Imagine, too, that anyone who wants a job can be hired by borderless, frictionless, decentralized entities. Imagine, stretching those neurons a little further, that these entities are free of onerous taxes, arbitrary regulations, mind-splitting bureaucracy and office politics.

Maybe that’s looking too far into the future. Maybe not.

All we know, based on our experience alone, as we type this missive to you from yet another coffee shop in yet another city, is that the way the world works is going through a massive, and much needed, transformation.

In San Diego, for example, I met Tim. He picked me up through the Uber app. Tim had travelled, I’d learned, from Florida and was headed to Portland. With Uber, amazingly, Tim could travel the States and work whenever, and wherever, he wanted.

“Interested, I just tried Uber out in my hometown in Florida,” he told me. “When I realized I could go to any city in the U.S. and do this, my life was instantly changed. I was gone the next week. That was four months ago. It’s been an amazing journey so far.”
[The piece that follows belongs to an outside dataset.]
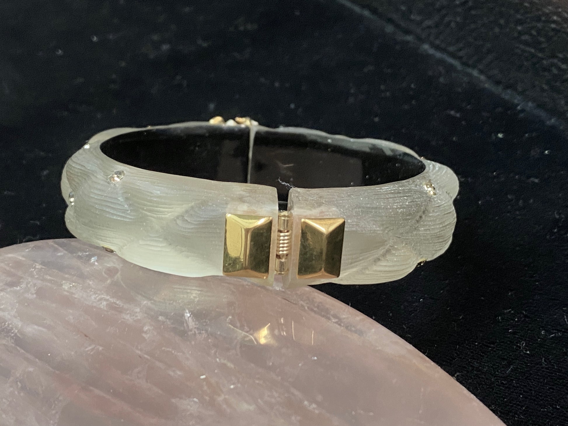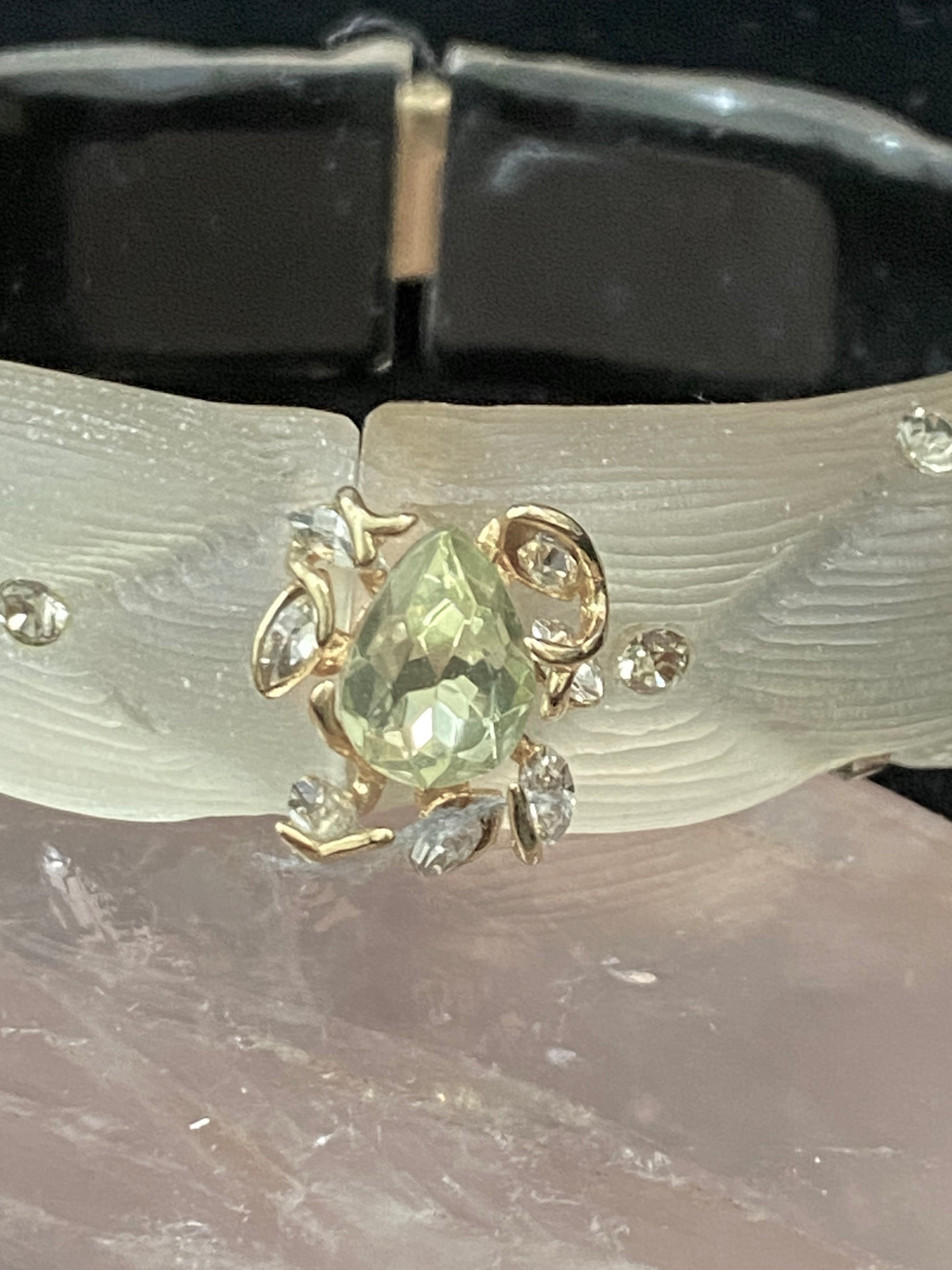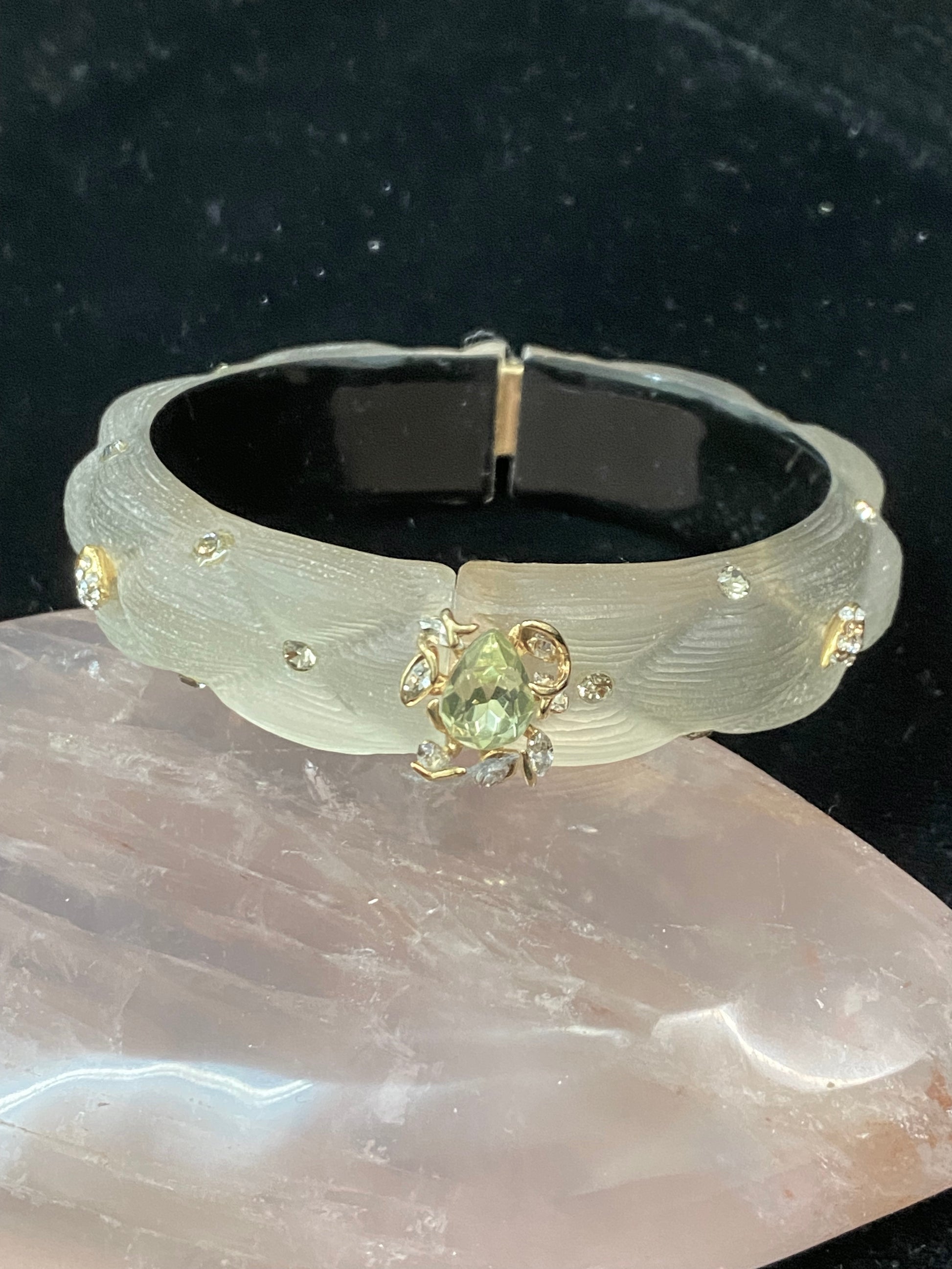 Description : Alexis Bittar hinged quilted cuff bracelet with quartz crystals and peridot(?) and gold plated accents. $345 new.

Tim is what mostly only digital nomads call a “digital nomad.”

And he’s not alone.

Susi K. is, as I type this, helping me transcribe something on the Fiverr app from a coffee shop in Budapest. Shakti, whom I met on Taskrabbit helped me design a t-shirt last month from his living room. Paul, a friend I met in Prague, runs a successful English training website for foreigners who want to work in the United States. And Robert, a new friend I met in New York, runs a multi-million dollar company from his kitchen table.

Psymposia’s Mike Margolies, who I traveled with for over a month just recently, currently leverages income from his home in Houston. He works full-time as a nomadic activist-entrepreneur (activipreneur? entreprivist?), while renting his house through Airbnb.

Yours truly hasn’t sat in a computer chair for 6 months and counting.

In short, remote jobs are on the rise.

According to a recent poll from Gallup called State of the American Workplace, nearly 4 out 10 (39%) companies currently let some employees work remotely.

“Remote work seems to be the wave of the future,” Laura Vanderkam writes in Fast Company. “A recent survey of business leaders at the Global Leadership Summit in London found that 34% said more than half their company’s full-time workforce would be working remotely by 2020. A full 25% said more than three-quarters would not work in a traditional office by 2020, which is not some far off, futuristic era. It’s six years from now.”

And as the digital age carpet bombs the cube farms (a legacy of the Industrial Revolution), people are re-imagining the working lifestyle and, while saving their employers money on overhead costs, are finding a much more sane work-life balance than America has been used to.

The benefits of this trend, you can imagine, will reach well beyond just the confines of America. Being able to work remotely, and without permission from the culture or the government, is beginning to level the playing field in places where forced inequities are incredibly vast.

Take, for example, Code to Inspire (CTI) and the Digital Citizen Fund in Afghanistan — two organizations which work to empower Afghan women with economic independence.

“Code to Inspire,” founder Fereshteh Forough writes, “is a 501(c)(3) registered non-profit that is committed to educating female students in Afghanistan and improving their technical literacy by teaching them how to code so that they can find future employment as a freelancer and become entrepreneurs driving innovation.”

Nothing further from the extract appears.